Manifestazioni a Suwayda nel 2023

A partire da domenica nel sud della Siria, tribù locali beduine sunnite si sono scontrate con gruppi armati drusi. Non è la prima volta che accade visto che tra le due minoranze è in corso da lungo tempo una faida che ogni tanto si riaccende. Nella provincia di Suwayda, a maggioranza drusa, l’Osservatorio siriano per i diritti umani (SOHR), con sede nel Regno Unito, stamattina contava almeno 250 morti (138 tra le forza combattenti), con 21 “esecuzioni sul campo”. Negli scontri i clan beduini e in seguito le forze governative sarebbero inoltre stati sostenuti da formazioni appartenenti alla galassia jihadista, con simboli sulle divise appartenenti allo Stato Islamico.

Gli scontri hanno provocato l’immediata reazione del governo centrale dell’autoproclamatosi presidente siriano Ahmad al-Shara. Le truppe agli ordini di Damasco hanno rapidamente iniziato a colpire con l’artiglieria Suwayda, per poi entrare in città. Oltre alle esecuzioni sommarie sono stati denunciati saccheggi, profanazioni e l’incitamento all’odio settario nei confronti degli ‘infedeli’ drusi, accuse confermate da diversi video apparsi sui social. Il tutto anche nei villaggi della provincia attraversati dai governativi lungo il loro percorso.

L’avanzata delle truppe governative di Damasco è stata osteggiata da Israele. Il governo di Benjamin Netanyahu ha ordinato alla propria aviazione di bombardare le strade di accesso a Suwayda, colpendo anche alcuni mezzi del nuovo esercito regolare siriano. L’interesse dello Stato ebraico e puramente strategico e c’entra poco con la difesa dei drusi: approfittando della presa del potere di al-Shara lo scorso dicembre dalle alture del Golan occupate dal 1967 l’esercito israeliano ha ampliato il suo controllo di fatto nell’area, creando una ‘zona cuscinetto’ nella Siria meridionale lungo il suo confine nord-orientale.

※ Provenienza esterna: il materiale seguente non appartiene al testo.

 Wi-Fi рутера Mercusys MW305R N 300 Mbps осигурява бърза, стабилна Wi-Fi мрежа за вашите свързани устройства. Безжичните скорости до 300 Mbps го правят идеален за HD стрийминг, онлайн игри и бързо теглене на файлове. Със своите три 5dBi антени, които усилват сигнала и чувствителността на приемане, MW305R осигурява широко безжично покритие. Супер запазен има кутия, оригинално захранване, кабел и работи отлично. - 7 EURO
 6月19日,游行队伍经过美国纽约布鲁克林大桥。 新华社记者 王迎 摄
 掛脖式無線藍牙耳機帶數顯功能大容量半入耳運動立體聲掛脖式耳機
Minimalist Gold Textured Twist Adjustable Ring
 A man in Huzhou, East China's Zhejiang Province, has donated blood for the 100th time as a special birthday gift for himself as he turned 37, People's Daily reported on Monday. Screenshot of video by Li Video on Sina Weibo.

L’ingresso delle truppe governative è stato accettato dai drusi, come anche il successivo cessate il fuoco proclamato dal governo centrale. Ma Suwayda appare ugualmente devastata e l’esercito regolare potrebbe ora restarci, mettendo fine alla gestione in autonomia della sicurezza nell’area da parte dei drusi, le cui formazioni armate al pari di quelle di altre minoranze (curdi in testa) non sono finora confluite in quelle governative. I nuovi scontri avvengono quattro mesi dopo le violenze settarie ai danni della minoranza alawita lungo le coste del Mediterraneo (oltre 500 vittime civili), alle quali lo scorso 22 giugno si è sommato l’attentato nella chiesa greco-ortodossa di Mar Elias nella capitale Damasco, compiuto da due kamikaze.

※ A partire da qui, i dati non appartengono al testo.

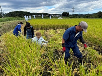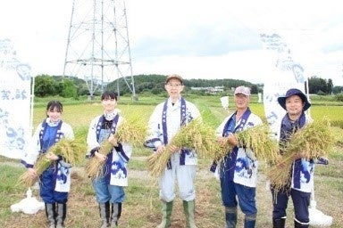 令和7年9月22日(月)、福島県いわき市沼部町において内堀 雅雄福島県知事、いわき福、笑い研究会の安島 美光会長、井塚 雄三事務局長、「福、笑い」WebCMに出演している福島県須賀川市出身の俳優である峰平 朔良さん、ふくしまライシーホワイトの荒木 愛香さんが福島県トップブランド米「福、笑い」の稲刈りを行いました。稲刈りに参加した5人は、5月に田植えした「福、笑い」の豊作を喜びながら収穫しました。
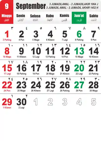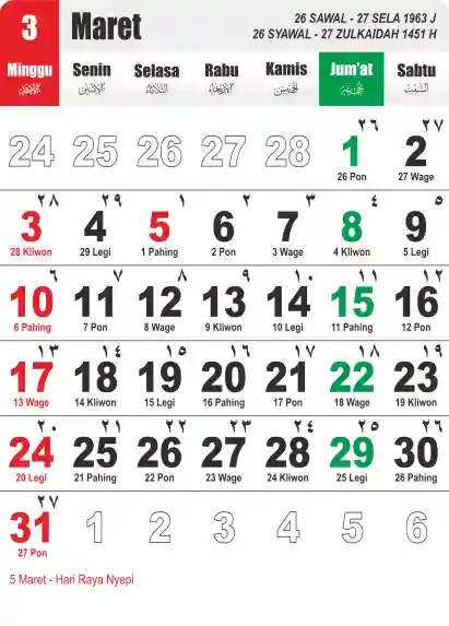 Tema kalender 2030 yang universal cocok untuk desain keperluan bisnis, instansi, sekolah, universitas, lembaga, pesantren. Tema ini sangat simpel namun elegan. Tulisannya kami buat besar agar dapat mudah dibaca.
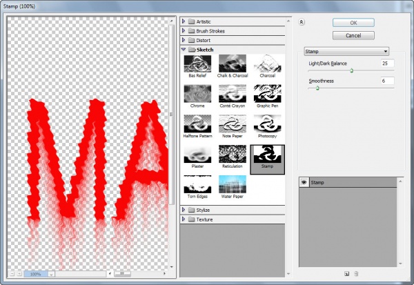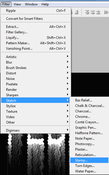 এরপর Filter মেনু থেকে Sketch >> Stamp এ ক্লিক করতে হবে
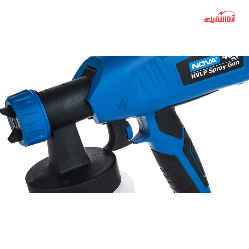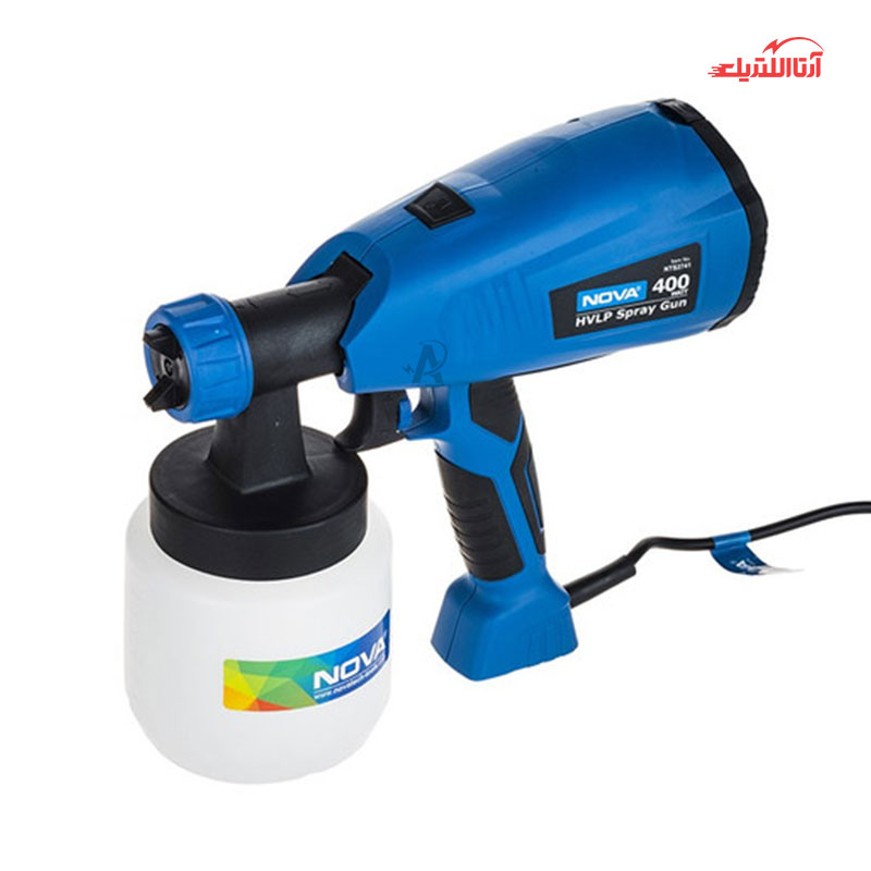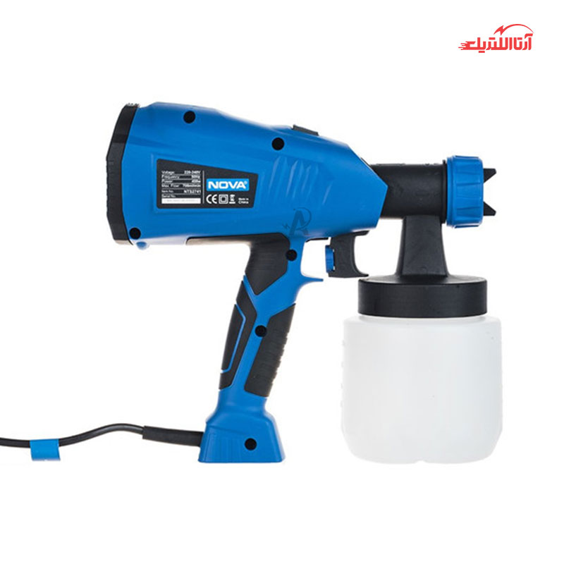 در بازار به این تفنگ پاششی اسپری گان هم میگویند که در مدلهای مختلف طراحی و تولید شده است (بادی-اتوماتیک-دستی). این محصول دارا بودن یک عدد کابل برقی حدود 2 متری، قیف و مخزن رنگ با ظرفیت 800 میلیلیتر است. قطر نازل این محصول 1.8 و 2.6 میلیمتر، توان آن 400 وات و وزن آن حدود 1600 گرم است. لازم به ذکر است از پلاستیک با کیفیت بالا برای ساخت و طراحی نازل استفاده شده است. این محصول باکیفیت، دارای 12 ماه گارانتی شرکت نووا است.

Terminati i cinquant’anni di potere della famiglia Assad, non sembrano arrestarsi né il numero di vittime civili, né la repressione. Per la Rete Siriana per i Diritti Umani (SNHR), altro gruppo di monitoraggio indipendente con sede nel Regno Unito che fornisce dati anche a varie agenzie dell’ONU, nella prima metà del 2025 sono state uccise in Siria 2.818 persone, tra cui 201 bambini e 194 donne, con 17 decessi provocati da torture. Soltanto lo scorso mese di giugno sono morti 140 civili, tra cui 10 bambini, 15 donne, una persona a causa delle torture subite. Sempre nella prima metà del 2025 l’SNHR ha inoltre documentato non meno di 658 casi di arresti/detenzioni arbitrarie, dei quali 72 lo scorso mese.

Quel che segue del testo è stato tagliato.